6. Learning to work as a tag team: the 4yo had a pee accident on the carpet. We, the parents, swept the carpet up for a wash and scrub, 12yo swooped in to take the baby off us, 7yo took her wet and crying sister in for a bath, and 10yo rearranged the toys and vacuumed the room. Within 15minutes, everyone was happy and having dinner.

The little things are the big things after all, and help me get through my day with much love!

Family Fun with Fondant!

This is a throwback post to a few months back when we were preparing for the littlest’s two year birthday celebration. I confess I haven’t been up to date with posts but I’ve been in no hurry, really. The bits and pieces of life can be dug up, strung together, relived, savoured as opposed to archived, anytime we choose to enjoy them again and again as we wish, don’t you agree?

Anyway, this post puts a smile on my face as it was truly a family cake for our favourite family member – the baby in the house!

Family Workshop with

Family Workshop with “Fun”dant

All the kids wanted to chip in and we bravely decided on Faith’s Fantastic Fondant Peppa Pig cake. It was our first foray into fondant and Peppa Pig was the “flavour” of the month.

Why did it take so long to be “initiated” into the fondant factory? The truth was none of the kids liked to eat the “too sweet” icing. Even then, the kids unanimously decided that we would not eat the fondant but use it anyway to indulge the likes of their baby sister.

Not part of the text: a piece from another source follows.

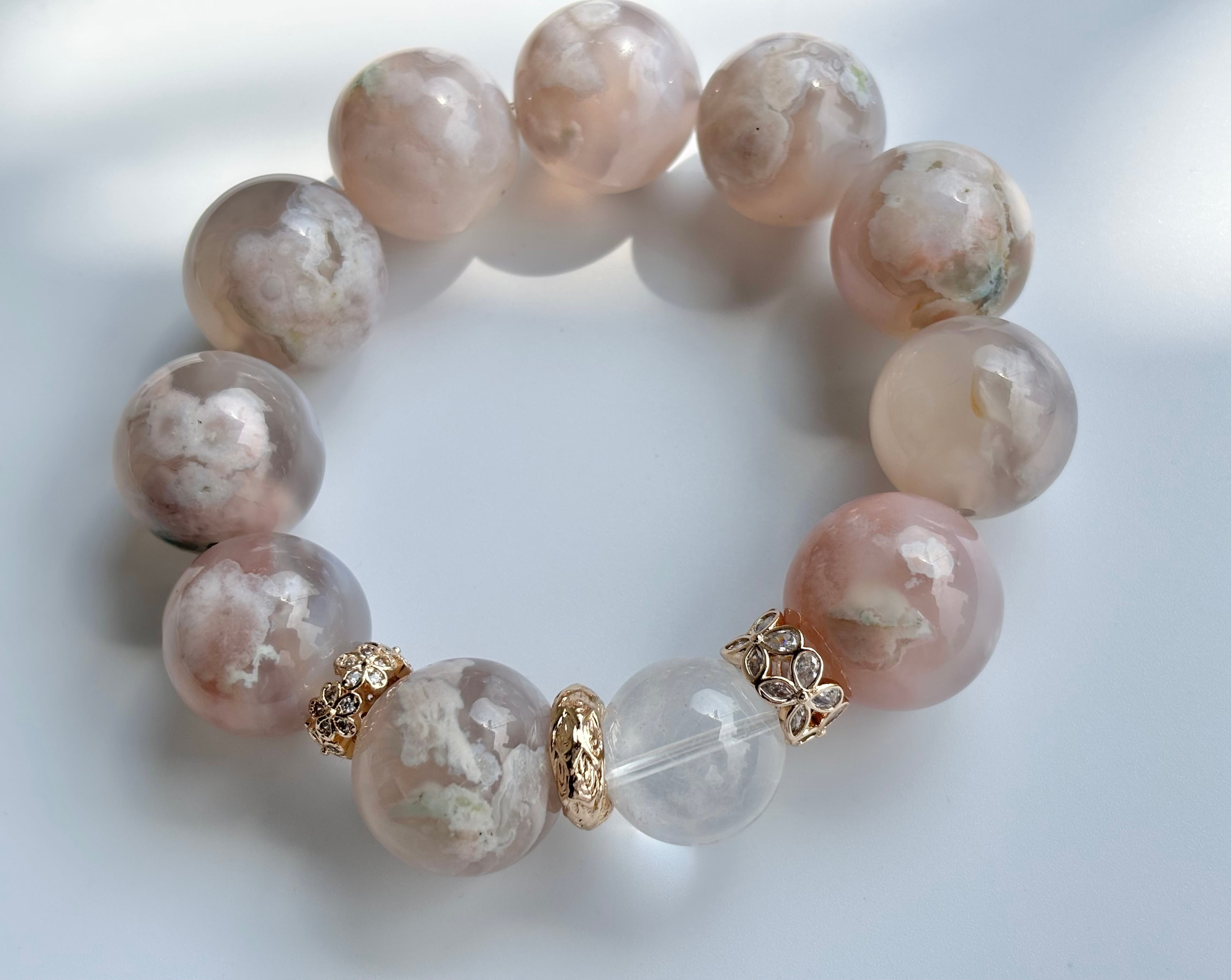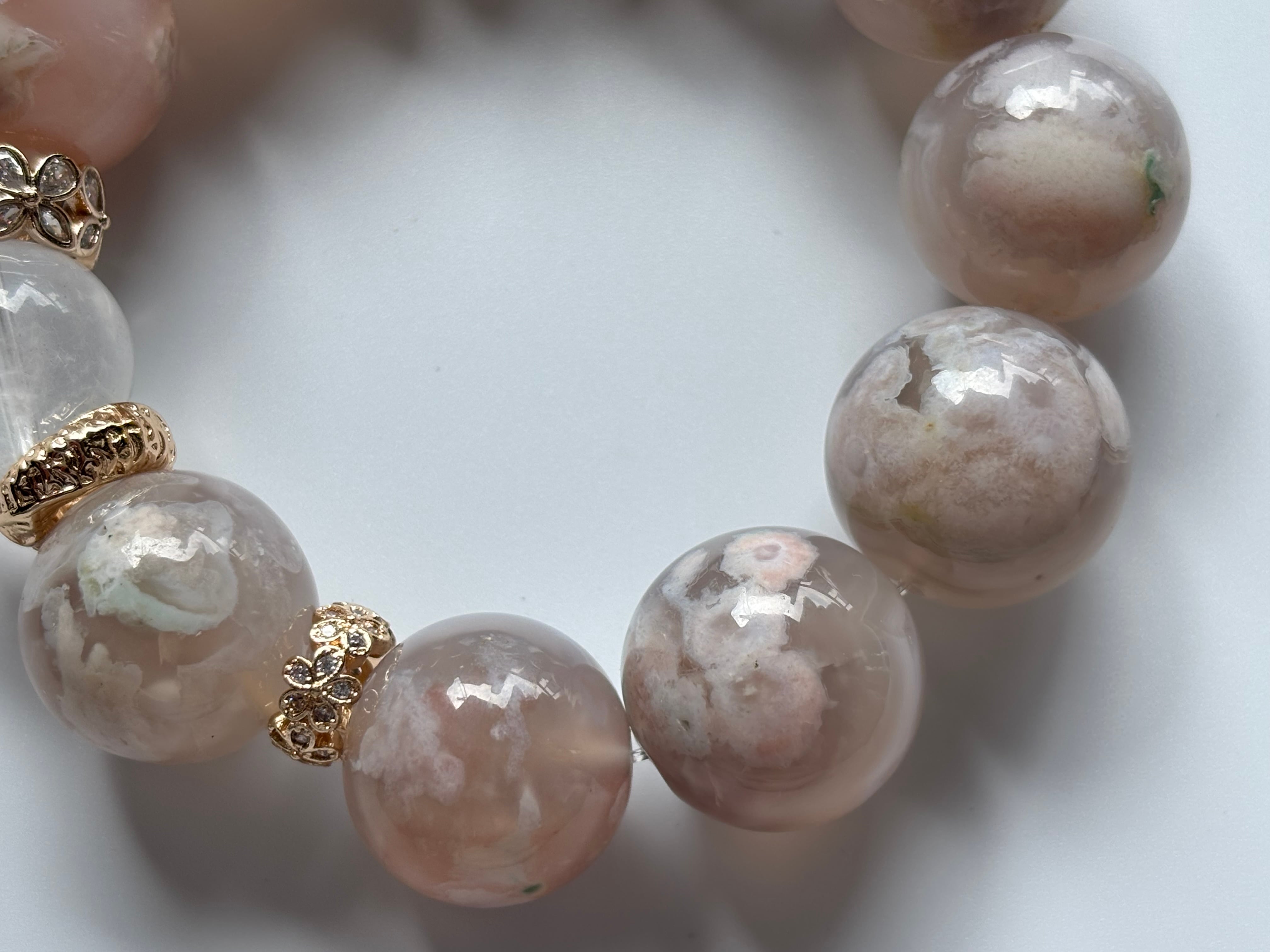 たんぽぽの綿毛のような、ふんわりとした内包が印象的なたんぽぽサゲニティックをトップに、桜が咲いたような模様が美しい高品質な桜瑪瑙を合わせたデザインブレスレットです。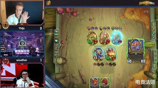 第二小局,风鱼火菠萝对阵太子自然剑圣。太子开局想秒晨拥,结果拼速失败,不仅被晨拥打出群体减速,还被晨拥亡语准确地冻住了关键佣兵布鲁坎。之后,风鱼预判了太子的预判,打出大菠萝却没有使用火焰践踏,而是秒掉了太子的自然流提速核心玛法里奥,紧跟着大菠萝开始输出,又接连秒掉布鲁坎和剑圣。最终,风鱼凭借火菠萝的多核输出拿下了这一局。

We don’t do fancy birthday parties in our household unlike the common trend these days, but we believe in giving a collective effort, however simple or “unprofessional” as its the memories and process of doing things together that we value- we want to build family memories and gift ourselves with them in the years to come!

Fun with Fondant

Assembling our family cakes with the gifts of our time and efforts

It is also fitting to give the kids some time and space to practice giving gifts of time and service while mummy practices on being hands off and allowing room for creativity and imagination to bloom. Thus, the children went on their way with a simple cake mix, and conceptualised the scene and setting of how the figurines would be placed. They also tried their hand at making “oddballs” of the colourful balls presented before them: experimented on how to mix colours, how to mould shapes and things to look realistic and how to support Peppa’s big head and prevent it from rolling off! Of course, we are thankful for YouTube!

Fun with Fondant

Do you spot a picnic basket and an apple?

Fun with Fondant

A radio and a big beach ball?

The little one also relished dipping her hands into the fondant bowl- I would like to think it was a nice change from playdough! It was also hilarious and heartwarming at the same time seeing the little gifts the kids made, lest their fondant fantasies were “foiled”, there were momentos to fall back on. Handrawn cards, our improvised chopstick banner with coloured twine, Lego Peppa and Paperdoll Peppa!

Fun with Fondant

Can’t go wrong with a Lego Peppa and Paperdoll Peppa. The little one is getting dolled up by eldest sister

Fun with Fondant

Oops, the cake is split, but the bday girl ain’t bothered so we aren’t too!!